During the procedure, several images are taken simultaneously. Everything is determined by the range of motion in the joint being examined. The method used is called double contrast.
Indications for the procedure
Arthrography is recommended for persistent pain in the joint area. However, the procedure is also indicated in case of joint dysfunction of unclear etiology. This may be bacterial, viral, fungal joint damage. The procedure is also performed for allergic joint damage, in cases of frequent crepitus, and joint injuries. Indications include various autoimmune joint damage, inflammatory and degenerative processes.
Preparation
Preparation does not require any specific techniques. The essence of preparation is that the essence of the study being conducted is explained to the person, as well as its principles, purpose, objectives, and expected results (what the study will presumably show). It is important to inform the person who, where, and how the study will be conducted.
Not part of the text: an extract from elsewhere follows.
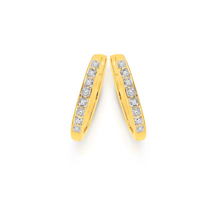 9ct Gold Diamond Pave Set Huggie Earrings. External Size= Approximately 13mm x 2mm.

Preparation does not imply the need for any additional restrictions in the diet, work and rest regime. No specific diet is required either. The patient must understand that the essence of the study is that, using X-ray methods, they look at the features of the movement of the contrast agent through the joints. They control that the substance completely fills the joint cavity and also begins to distribute over the joint tissue. After the substance has completely distributed, X-rays are taken.
The patient should be warned that local anesthesia is used. It is advisable to conduct a study in advance for the presence of an allergic reaction. An immediate reaction is considered especially dangerous, especially anaphylactic shock. It is also worth collecting anamnesis to predict possible reactions of the body to the administration of anesthesia, to the contrast agent.
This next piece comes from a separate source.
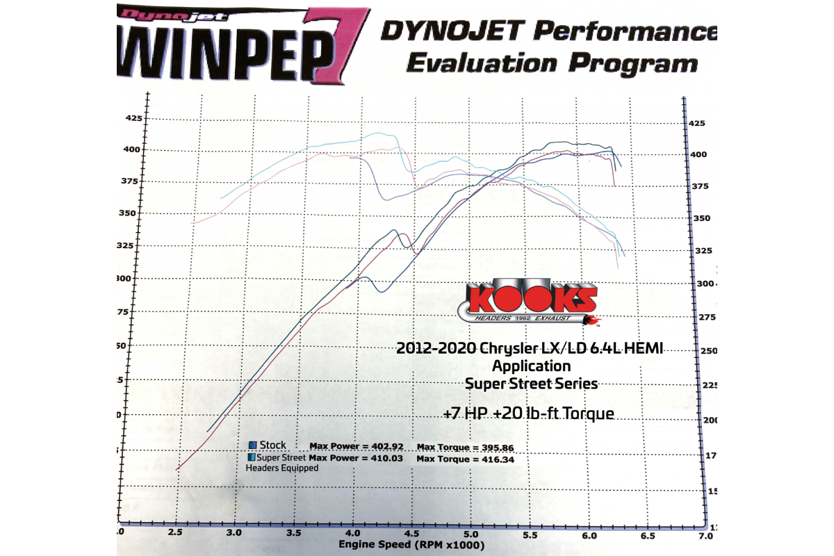 With the Kooks Super Street Series headers bolted onto the 6.4L Hemi engine, the dyno test results produced gains in both horsepower and torque without any tuning. The dyno graph showed an increase of 7 horsepower and 20 pound-feet of torque over the stock manifolds when measured at the tire. It’s important to note, however, that performance gains may vary depending on tuning and other performance modifications.

The patient must be warned that the examination may cause some discomfort, despite the fact that local anesthesia is used. He must understand that the examination may be accompanied by a feeling of pain, discomfort, tingling or a feeling of distension in the joint area.
The patient should also not move during the examination. The number of involuntary movements should also be kept to a minimum. The person should not move unless the person conducting the examination gives the appropriate command.
It is also necessary to understand that the patient must strictly follow the doctor's instructions, especially if they concern changing the position of the body, movements. The instructions should be followed as quickly and clearly as possible, which will allow the examination to be performed as clearly and as quickly as possible.
You should not drink large amounts of liquid for several days before the examination, and your food should be moderate. You should stop taking medications containing iodine and its individual components. You should also warn the doctor in advance about any current illnesses, since it is necessary to find out exactly whether the patient has health problems that could complicate the procedure in some way.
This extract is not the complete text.